Anger towards my parents
I forgive myself that i have accepted and allowed myself to become angry at my parents for having me and in this I forgive myself that i have accepted and allowed myself to blame my parents for the decisions i have made in my life causing me to have hardship and failure, relieving stress and pain through blame and anger as energy releases through this blame and anger, but i see, realize, and understand it does not stop the anger/blame and thus conflict, but only perpetuates it.
I forgive myself that i have accepted and allowed myself to deliberately blame and become angry at my parents because they brought me in this world and so in this i become spiteful toward them because i myself do not want to take responsibility for the messes in my life i have created and so say things like 'i wish you did not have me' to my parents where i want them to suffer as i believe i have for them bringing me into this world.
I forgive myself that i have accepted and allowed myself to blame and so abdicate my responsibility for the choices and decisions i made to get me into a point of pain where i myself see, realize, and understand brought me to this point, and that i can not blame others outside myself as i understand i am the one walking my own life, i am the one making the decisions and have the self power to do what is self honest in the moment or not.
I forgive myself that i have accepted and allowed myself to praise my parents when it suits me to where i feel empowered based on ego desires that are giving me a sense of accomplishment or pride based on family/parent accomplishments, where in a desire to be seen in a positive light and o see my parents/family in a positive light as this makes me feel worthy/important and thus i receive the energy of goodness without having to actually create it as myself where i actually live in a way that is worthy of life and prideful in myself for walking the self honest path that is best for all.
I forgive myself that i have accepted and allowed myself to in this anger and blame move into hate where i grow a form of hatred toward my parents for not securing my path in this world and guaranteeing success, when i see, realize, and understand practically my parents did the best they could with what they had and what they new of in the space and time they were in.
I forgive myself that i have accepted and allowed myself to see my parents as the reason for my flaws/failures instead of taking responsibility for these failures/flaws and working with changing them, processing them in practical self change to make them become stronger as this is practically what can be done with what is here and that my parents are not able to change anything for me, i realize, see, and understand i can only change these points of weaknesses myself.
I forgive myself that i have accepted and allowed myself to judge my parents for their flaws/failures and see them as less then others/me based on these points, and i forgive myself that i have accepted and allowed myself to judge my parents where i see them as the root of my failure as i came from them instead of recognize the gift i was given in this life as life and what they did to keep me alive, and secure to have a life and have the ability to walk my process and opportunity to create here.
When and as i see myself going into the desire to think thought patterns about how i am disturbed by my parents, i stop and breath, and go into humbleness and gratefulness for them doing their best with what they had and giving me what they could for me to have a secure platform to live my life from and create with opportunity.

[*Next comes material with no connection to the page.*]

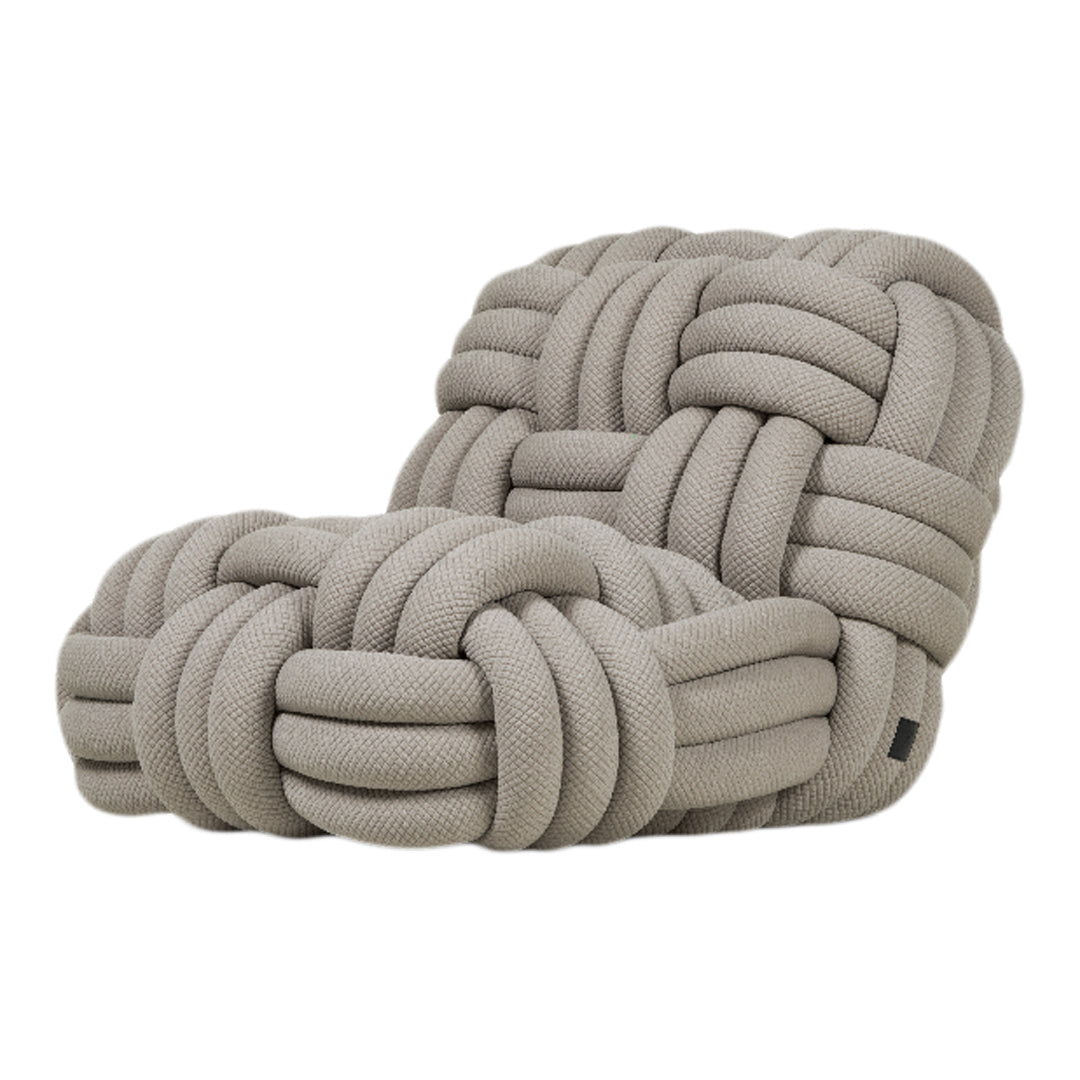 Inspired by the massive naval knots used to secure ships in port, Zupanc reimagined this utilitarian element into a statement piece for contemporary interiors. The oversized silhouette features extra-large "yarn" that mimics ship ropes, meticulously upholstered in premium knitted fabric and quilted in an elegant diamond pattern. Available in 15 sophisticated colorways, this sculptural lounge chair offers versatility for various interior design schemes—from minimalist modern to eclectic maximalist spaces.

I commit myself to stop going into thoughts about my parents, breathe, and live the word self responsibility and self movement where i start moving myself physically to make my flaws such as addictions into self discipline and become stronger in these.

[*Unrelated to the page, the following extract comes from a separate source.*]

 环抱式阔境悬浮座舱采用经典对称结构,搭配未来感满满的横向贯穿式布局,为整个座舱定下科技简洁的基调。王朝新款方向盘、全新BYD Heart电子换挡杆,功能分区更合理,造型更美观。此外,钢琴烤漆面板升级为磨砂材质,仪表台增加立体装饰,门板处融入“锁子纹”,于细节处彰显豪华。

I commit myself to stop judging my parents and stand in their shoes to see where they are at, and support them to be there best self as how i would like if i was in their shoes, i commit myself to see my parents as equals, and walk in oneness as i correct myself first and stop abdicating my responsibility to energy and the mind. I commit myself to live the word humbleness as i see i am also flawed and have weaknesses like all, and so i am an equal as i also am not perfect, thus i work with my own self perfection as one and equal as all life.